DATA FOR THE TASK:
╔══

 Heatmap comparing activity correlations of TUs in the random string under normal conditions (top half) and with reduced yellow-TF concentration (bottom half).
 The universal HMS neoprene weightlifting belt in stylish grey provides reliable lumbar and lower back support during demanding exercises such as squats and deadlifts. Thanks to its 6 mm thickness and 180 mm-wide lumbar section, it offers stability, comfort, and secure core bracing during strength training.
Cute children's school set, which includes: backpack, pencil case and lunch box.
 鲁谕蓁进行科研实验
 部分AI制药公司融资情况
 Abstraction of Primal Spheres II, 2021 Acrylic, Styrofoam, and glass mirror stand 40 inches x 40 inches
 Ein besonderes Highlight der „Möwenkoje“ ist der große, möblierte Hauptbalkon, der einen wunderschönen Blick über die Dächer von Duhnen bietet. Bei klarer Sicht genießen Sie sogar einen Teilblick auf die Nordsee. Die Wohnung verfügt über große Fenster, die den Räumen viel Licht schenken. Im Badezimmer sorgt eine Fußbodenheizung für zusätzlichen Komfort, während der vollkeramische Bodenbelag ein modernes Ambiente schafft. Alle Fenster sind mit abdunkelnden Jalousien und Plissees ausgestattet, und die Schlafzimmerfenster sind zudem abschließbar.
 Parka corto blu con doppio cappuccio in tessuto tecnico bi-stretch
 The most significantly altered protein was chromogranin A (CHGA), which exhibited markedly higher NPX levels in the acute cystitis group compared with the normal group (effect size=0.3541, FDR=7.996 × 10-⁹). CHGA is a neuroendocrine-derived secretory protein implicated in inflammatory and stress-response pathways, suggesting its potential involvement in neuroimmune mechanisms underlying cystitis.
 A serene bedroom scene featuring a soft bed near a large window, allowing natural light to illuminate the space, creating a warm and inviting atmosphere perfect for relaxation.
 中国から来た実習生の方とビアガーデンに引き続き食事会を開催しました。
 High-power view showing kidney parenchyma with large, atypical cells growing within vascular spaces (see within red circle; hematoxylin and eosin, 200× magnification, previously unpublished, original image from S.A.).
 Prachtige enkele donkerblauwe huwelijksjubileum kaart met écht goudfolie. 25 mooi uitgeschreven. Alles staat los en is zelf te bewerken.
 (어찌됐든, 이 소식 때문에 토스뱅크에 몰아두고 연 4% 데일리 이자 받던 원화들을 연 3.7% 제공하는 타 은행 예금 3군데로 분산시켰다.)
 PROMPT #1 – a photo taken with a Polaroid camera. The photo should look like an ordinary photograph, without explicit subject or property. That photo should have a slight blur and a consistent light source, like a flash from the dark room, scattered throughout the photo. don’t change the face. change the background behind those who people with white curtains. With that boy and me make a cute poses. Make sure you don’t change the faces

╚══

WHAT IS EXPECTED:
From the entries above, give again exactly the lines running from the line with "Cute children's school" to the line with "Parka corto blu"; include both of those lines.

EXERCISE RESULT:
Cute children's school set, which includes: backpack, pencil case and lunch box.
 鲁谕蓁进行科研实验
 部分AI制药公司融资情况
 Abstraction of Primal Spheres II, 2021 Acrylic, Styrofoam, and glass mirror stand 40 inches x 40 inches
 Ein besonderes Highlight der „Möwenkoje“ ist der große, möblierte Hauptbalkon, der einen wunderschönen Blick über die Dächer von Duhnen bietet. Bei klarer Sicht genießen Sie sogar einen Teilblick auf die Nordsee. Die Wohnung verfügt über große Fenster, die den Räumen viel Licht schenken. Im Badezimmer sorgt eine Fußbodenheizung für zusätzlichen Komfort, während der vollkeramische Bodenbelag ein modernes Ambiente schafft. Alle Fenster sind mit abdunkelnden Jalousien und Plissees ausgestattet, und die Schlafzimmerfenster sind zudem abschließbar.
 Parka corto blu con doppio cappuccio in tessuto tecnico bi-stretch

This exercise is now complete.